Your task: Would you retype exactly the lines below, starting with the one that has "会上,与会领导、嘉宾为创新创" and going on through the one that has "为全面推进我院小学教育省级一", with no pictures and nothing else?

--- Supplied material Enclosed Below ---

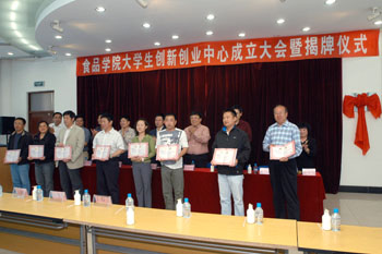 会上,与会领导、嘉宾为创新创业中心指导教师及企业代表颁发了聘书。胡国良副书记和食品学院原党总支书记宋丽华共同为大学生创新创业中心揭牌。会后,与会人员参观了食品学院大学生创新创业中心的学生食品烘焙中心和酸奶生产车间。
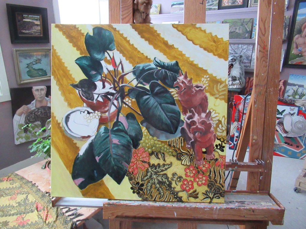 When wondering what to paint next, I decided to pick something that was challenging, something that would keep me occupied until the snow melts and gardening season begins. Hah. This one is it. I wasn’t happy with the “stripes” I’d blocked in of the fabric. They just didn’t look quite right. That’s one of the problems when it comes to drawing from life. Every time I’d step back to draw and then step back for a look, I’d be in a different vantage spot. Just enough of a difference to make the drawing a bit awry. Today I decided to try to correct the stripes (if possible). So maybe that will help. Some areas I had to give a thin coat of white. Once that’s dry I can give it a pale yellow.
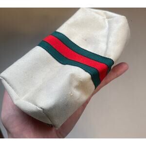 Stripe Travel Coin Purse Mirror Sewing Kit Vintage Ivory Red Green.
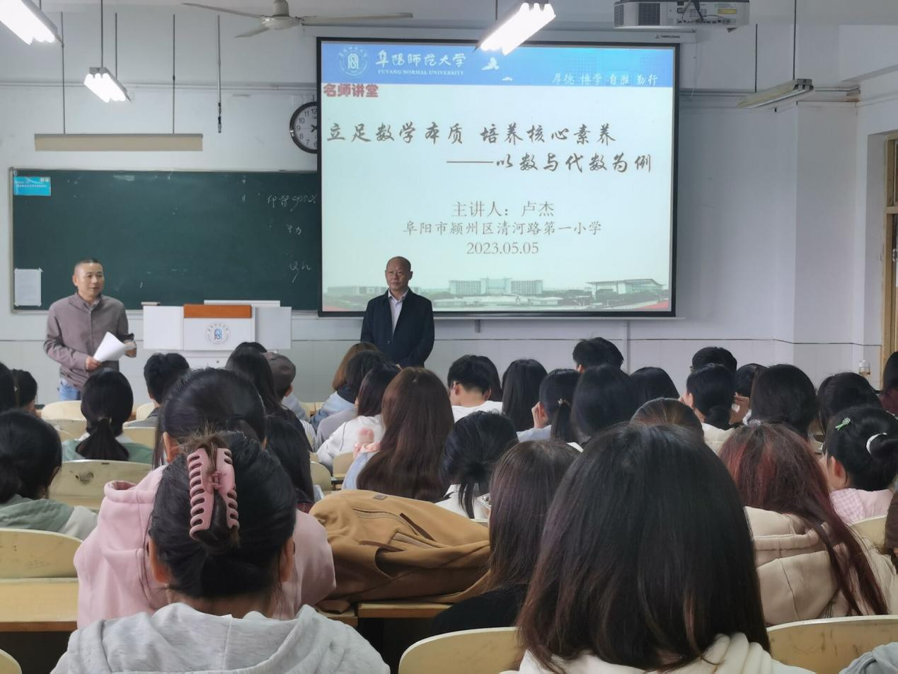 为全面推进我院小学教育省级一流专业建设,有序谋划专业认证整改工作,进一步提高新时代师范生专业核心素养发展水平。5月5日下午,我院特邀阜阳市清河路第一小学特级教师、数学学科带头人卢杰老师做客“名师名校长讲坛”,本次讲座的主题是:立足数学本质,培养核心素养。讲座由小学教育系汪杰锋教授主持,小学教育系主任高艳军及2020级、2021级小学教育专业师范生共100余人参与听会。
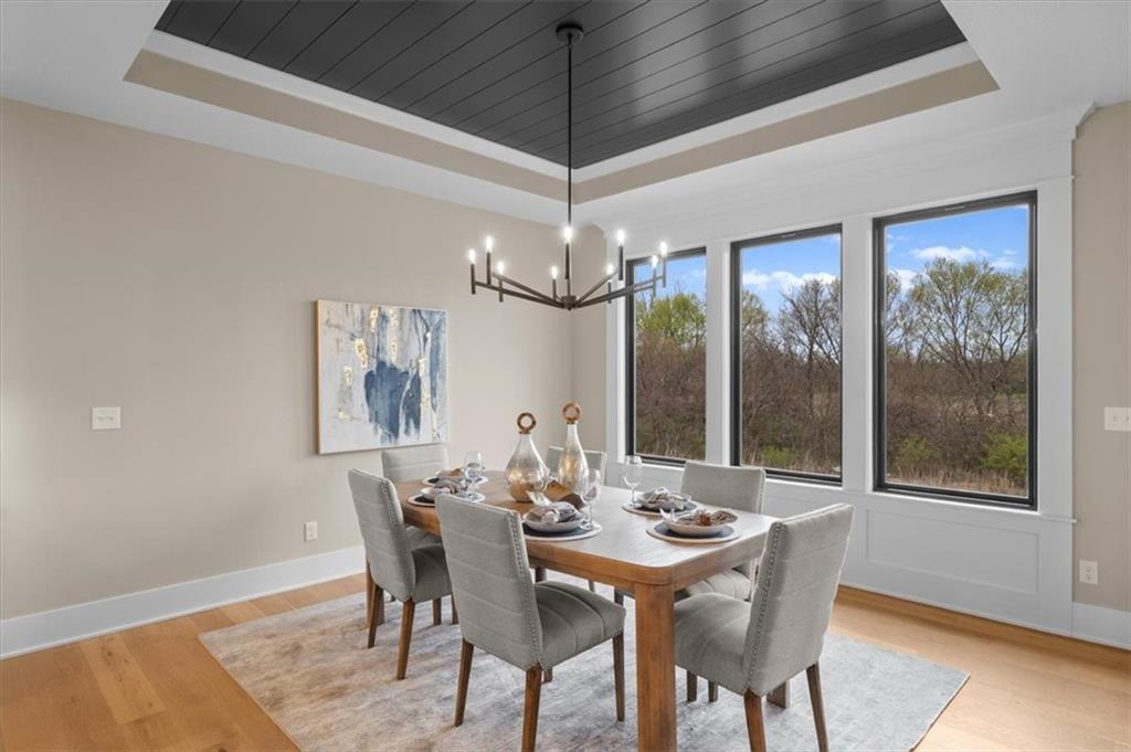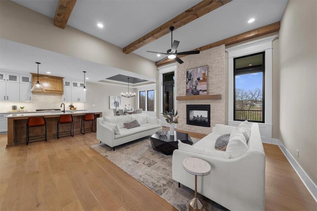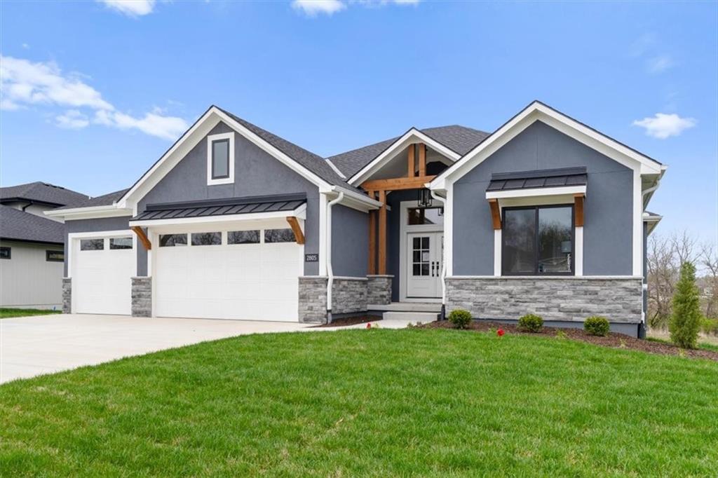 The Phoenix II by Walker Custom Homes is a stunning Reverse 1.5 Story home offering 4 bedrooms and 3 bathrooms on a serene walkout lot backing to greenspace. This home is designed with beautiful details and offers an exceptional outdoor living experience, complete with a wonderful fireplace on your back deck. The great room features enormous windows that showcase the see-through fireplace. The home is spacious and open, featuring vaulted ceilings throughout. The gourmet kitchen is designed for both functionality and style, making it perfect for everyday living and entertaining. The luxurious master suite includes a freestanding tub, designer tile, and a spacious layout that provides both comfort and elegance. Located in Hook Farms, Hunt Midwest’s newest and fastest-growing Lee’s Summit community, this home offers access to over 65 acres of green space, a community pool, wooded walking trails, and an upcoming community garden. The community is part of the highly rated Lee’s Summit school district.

--- End of Enclosed Supplied material ---
--- Supplied material Enclosed Below ---

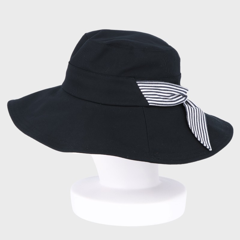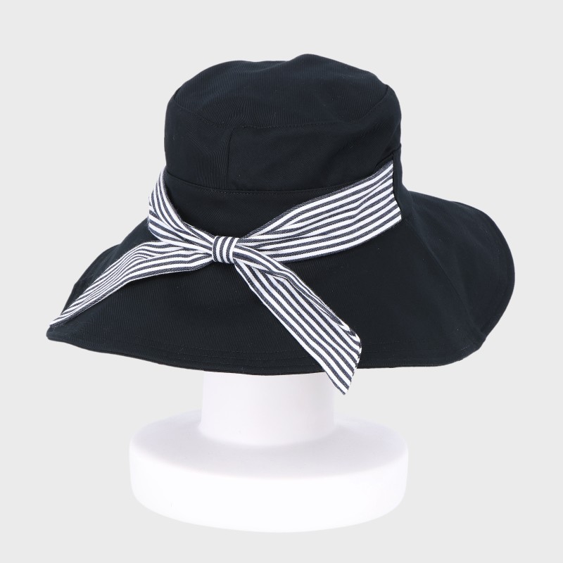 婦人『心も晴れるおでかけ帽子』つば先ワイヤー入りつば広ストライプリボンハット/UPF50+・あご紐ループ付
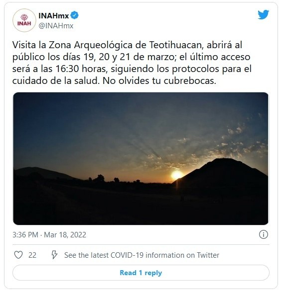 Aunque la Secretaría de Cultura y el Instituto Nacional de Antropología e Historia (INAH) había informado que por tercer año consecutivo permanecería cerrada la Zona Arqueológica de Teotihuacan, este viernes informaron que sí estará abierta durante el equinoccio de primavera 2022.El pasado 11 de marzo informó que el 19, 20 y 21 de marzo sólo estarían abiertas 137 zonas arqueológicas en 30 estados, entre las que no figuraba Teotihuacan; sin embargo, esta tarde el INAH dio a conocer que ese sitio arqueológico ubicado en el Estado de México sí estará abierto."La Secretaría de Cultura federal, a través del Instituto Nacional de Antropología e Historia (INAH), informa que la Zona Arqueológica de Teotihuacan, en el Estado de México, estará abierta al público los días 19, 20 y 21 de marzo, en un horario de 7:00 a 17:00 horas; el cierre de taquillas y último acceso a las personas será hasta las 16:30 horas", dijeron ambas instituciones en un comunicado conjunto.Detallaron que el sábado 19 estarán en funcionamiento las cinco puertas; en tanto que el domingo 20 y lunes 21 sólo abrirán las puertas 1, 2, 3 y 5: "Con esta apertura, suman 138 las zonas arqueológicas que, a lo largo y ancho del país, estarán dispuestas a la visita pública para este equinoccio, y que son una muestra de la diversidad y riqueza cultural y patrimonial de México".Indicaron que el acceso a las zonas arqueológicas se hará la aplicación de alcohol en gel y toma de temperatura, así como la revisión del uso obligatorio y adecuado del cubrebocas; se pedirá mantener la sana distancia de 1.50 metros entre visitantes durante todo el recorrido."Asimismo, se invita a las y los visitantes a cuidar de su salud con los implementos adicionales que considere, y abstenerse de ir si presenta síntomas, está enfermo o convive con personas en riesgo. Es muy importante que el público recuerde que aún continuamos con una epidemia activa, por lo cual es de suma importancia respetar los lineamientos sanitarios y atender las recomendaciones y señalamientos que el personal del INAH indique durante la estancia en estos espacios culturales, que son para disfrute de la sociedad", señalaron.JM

--- End of Enclosed Supplied material ---
--- Supplied material Enclosed Below ---

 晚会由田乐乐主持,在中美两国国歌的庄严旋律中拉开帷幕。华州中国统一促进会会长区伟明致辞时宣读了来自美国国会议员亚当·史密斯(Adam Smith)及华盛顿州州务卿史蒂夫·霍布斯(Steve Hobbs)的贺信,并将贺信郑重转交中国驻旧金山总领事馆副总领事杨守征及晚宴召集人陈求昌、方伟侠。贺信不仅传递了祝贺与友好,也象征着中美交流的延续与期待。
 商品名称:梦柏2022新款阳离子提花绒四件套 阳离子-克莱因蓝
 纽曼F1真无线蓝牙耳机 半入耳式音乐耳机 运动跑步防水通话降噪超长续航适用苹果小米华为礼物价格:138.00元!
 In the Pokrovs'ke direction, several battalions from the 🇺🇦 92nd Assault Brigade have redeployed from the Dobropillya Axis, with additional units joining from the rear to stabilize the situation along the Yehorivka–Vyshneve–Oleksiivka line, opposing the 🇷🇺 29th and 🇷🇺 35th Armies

--- End of Enclosed Supplied material ---

Result for this exercise:
 会上,与会领导、嘉宾为创新创业中心指导教师及企业代表颁发了聘书。胡国良副书记和食品学院原党总支书记宋丽华共同为大学生创新创业中心揭牌。会后,与会人员参观了食品学院大学生创新创业中心的学生食品烘焙中心和酸奶生产车间。
 When wondering what to paint next, I decided to pick something that was challenging, something that would keep me occupied until the snow melts and gardening season begins. Hah. This one is it. I wasn’t happy with the “stripes” I’d blocked in of the fabric. They just didn’t look quite right. That’s one of the problems when it comes to drawing from life. Every time I’d step back to draw and then step back for a look, I’d be in a different vantage spot. Just enough of a difference to make the drawing a bit awry. Today I decided to try to correct the stripes (if possible). So maybe that will help. Some areas I had to give a thin coat of white. Once that’s dry I can give it a pale yellow.
 Stripe Travel Coin Purse Mirror Sewing Kit Vintage Ivory Red Green.
 为全面推进我院小学教育省级一流专业建设,有序谋划专业认证整改工作,进一步提高新时代师范生专业核心素养发展水平。5月5日下午,我院特邀阜阳市清河路第一小学特级教师、数学学科带头人卢杰老师做客“名师名校长讲坛”,本次讲座的主题是:立足数学本质,培养核心素养。讲座由小学教育系汪杰锋教授主持,小学教育系主任高艳军及2020级、2021级小学教育专业师范生共100余人参与听会。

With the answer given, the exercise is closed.